As the trial court explained in its Statement of Decision, this action began as a contest of Cibula's account; however, that matter was resolved in Dana's favor, and Dana was awarded her attorney fees pursuant to section 17211, subdivision (b) in the sum of $13,616.35. The present petition was filed nine months after the contest was concluded and after plaintiffs engaged in extensive discovery through which they "learn[e]d of the many failures on the part of [Cibula] to properly carry out his duties as a trustee . . . ." On this record, we cannot find that the instant petition constitutes a contest to the trustee's account within the meaning of section 17211, subdivision (b).

This case is distinguishable from Leader v. Cords (2010) 182 Cal.App.4th 1588 (Leader), relied on by plaintiffs. There, the trustee's account "revealed that the trust had remaining assets and no liabilities. The trustee, however, refused to make a final distribution based on a collateral dispute that did not pertain to the trust. The beneficiaries successfully petitioned the probate court for an order compelling the trustee to distribute the remaining assets." (Id. at p. 1591.) The probate court refused to award the beneficiaries their attorney fees, finding "'this is not an action on an accounting.'" (Id. at p. 1594.) The court of appeal reversed, finding that "'the mere furnishing of an account showing the receipt of trust funds and the use made thereof does not fulfill the duties of a trustee. He is under the further constraint to deliver the property to his beneficiary, since the latter is the rightful owner.' [Citation.] [The trustee's] duty to account was inseparable from his duty to carry out the terms of the Trust by distributing the remaining Trust assets, and [the beneficiaries'] petition arose from and was directly related to his account." (Id. at pp. 1598-1599.)

Contrary to respondent's assertion, plaintiffs' failure to cite Leader in the trial court does not preclude them from relying on it on appeal because the issue addressed therein was raised in the trial court. We likewise reject respondent's contention that plaintiffs waived this or any of their other claims on appeal by failing to object to the Statement of Decision. The doctrine of implied findings, relied on by respondent, requires that an appellant "bring ambiguities and omissions in the factual findings of the statement of decision to the trial court's attention. If the appellant fails to do so, the reviewing court will infer the trial court made every implied factual finding necessary to uphold its decision, even on issues not addressed in the statement of decision." (Fladeboe v. American Jsuzu Motors, Inc. (2007) 150 Cal.App.4th 42, 48.) As we understand them, plaintiffs' claims do not involve ambiguities or omissions in the Statement of Decision. Moreover, plaintiffs raised each of their claims on appeal in their opposition to the trial court's Statement of Intended Decision.

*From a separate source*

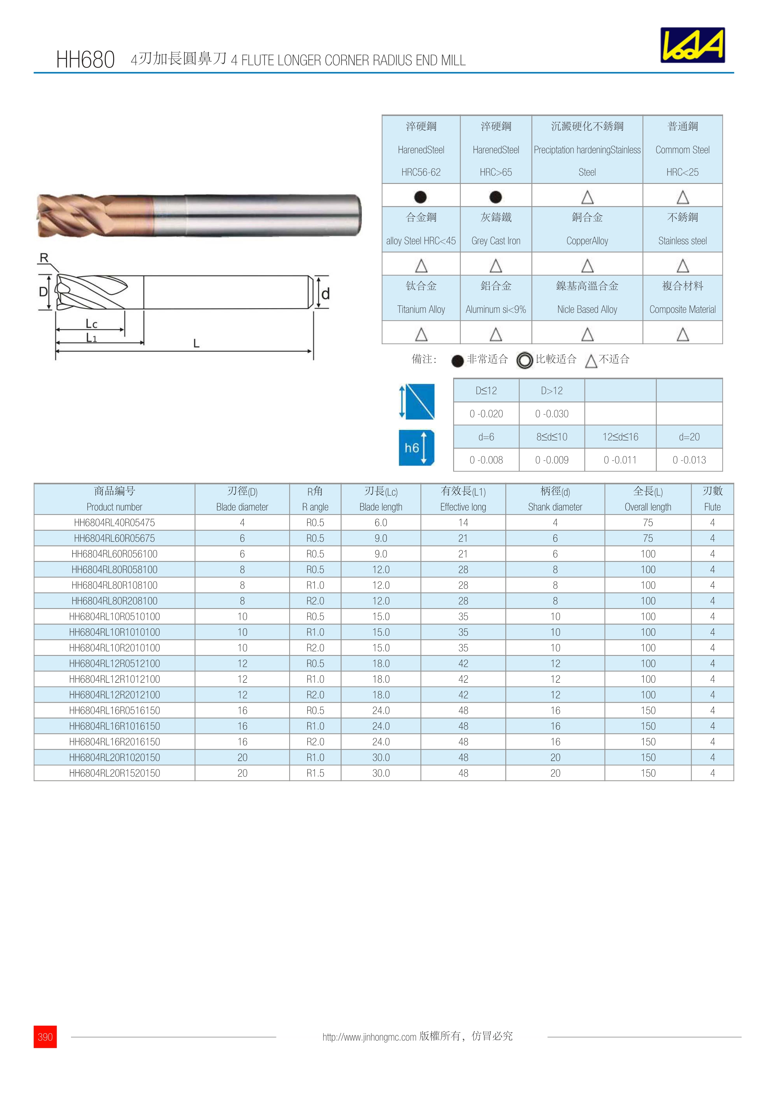合金鋼 alloy Steel HRC<45 | 灰鑄鐵 Grey Cast Iron | 銅合金 CopperAlloy | 不銹鋼 Stainless steel |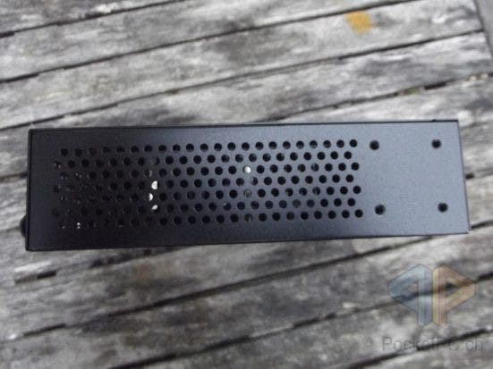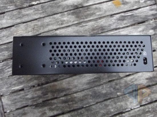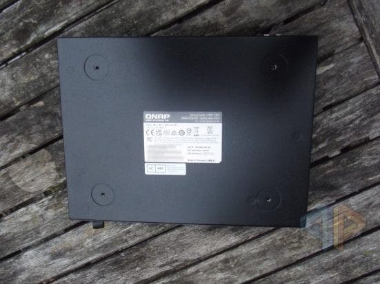 Links der Ports, unter dem Herstellernamen QNAP und der Typbezeichnung QSW-L3205-1C4T sind nochmals PWR in Grün und LOOP in Orange zu sehen, wobei die LED unter der schwarzen Abdeckung des Ethernet Switchs verbaut sind. Sie sind nur sichtbar wenn sie leuchten. Selbiges gilt für den SFP+ Port, der rechts von den fünf RJ45-Anschlüssen zu finden ist. Er nimmt handelsübliche Enhanced Small Form-Factor Pluggable Module auf, eben SFP+, die bis zu 6 Gbit/s bis 32 GBit/s bieten können. Diese Module sind für Fiberglas-Netzverbindungen üblich. Rechts unter den beiden Status-LED ist zudem ein Reset-Taster unter einer Knopfloch-Öffnung verbaut.

Here, unlike the trustee in Leader, Cibula never refused to distribute trust assets. To the contrary, before the instant petition was filed, Cibula had distributed or turned over all trust assets in his possession. Moreover, unlike in Leader, a trust beneficiary, Dana, was awarded attorney fees in the amount of $13,616.35 under section 17211, subdivision (b) in an earlier proceeding contesting Cibula's account.

The trial court properly concluded plaintiffs were not entitled to their attorney fees under section 17211, subdivision (b).

II

Plaintiffs Are Not Entitled To Prejudgment Interest Plaintiffs next contend the trial court erred in failing to award prejudgment interest pursuant to section 16440. Again, they are mistaken.

Section 16440 sets forth the measure of liability for a breach of trust. Subdivision (a) of that section provides: "If the trustee commits a breach of trust, the trustee is chargeable with any of the following that is appropriate under the circumstances: [¶] (1) Any loss or depreciation in value of the trust estate resulting from the breach of trust, with interest. [¶] (2) Any profit made by the trustee through the breach of trust, with interest. [¶] (3) Any profit that would have accrued to the trust estate if the loss of profit is the result of the breach of trust." (Italics added.)

Here, the trial court found section 16440, subdivision (a)(1) is inapplicable because "the breach in this matter did not result in any loss or depreciation in value of the trust estate." The court likewise determined that section 16440, subdivision (a)(2) is inapplicable because "[t]here is no evidence that [Cibula] himself derived any profit from the trust assets." Rather, citing section 16440, subdivision (a)(3), the court found that "[Cibula] should be held accountable only for the profit, without interest, that could have accrued to the trust estate if he had not breached his duties."

Plaintiffs assert the trial court erred in failing "to award Petitioners the loss in value of the trust estate resulting from the breach of trust, with interest, as authorized under Probate Code § 16440(a)(1)." As the trial court explained in its Statement of Decision, that subdivision is inapplicable where, as here, the value of the trust estate increased during the trustee's administration. To the extent the trust estate would have increased even more but for the trustee's breach of his fiduciary duties, those "lost profits" are recoverable under section 16440, subdivision (a)(3), which as discussed below, does not provide for interest.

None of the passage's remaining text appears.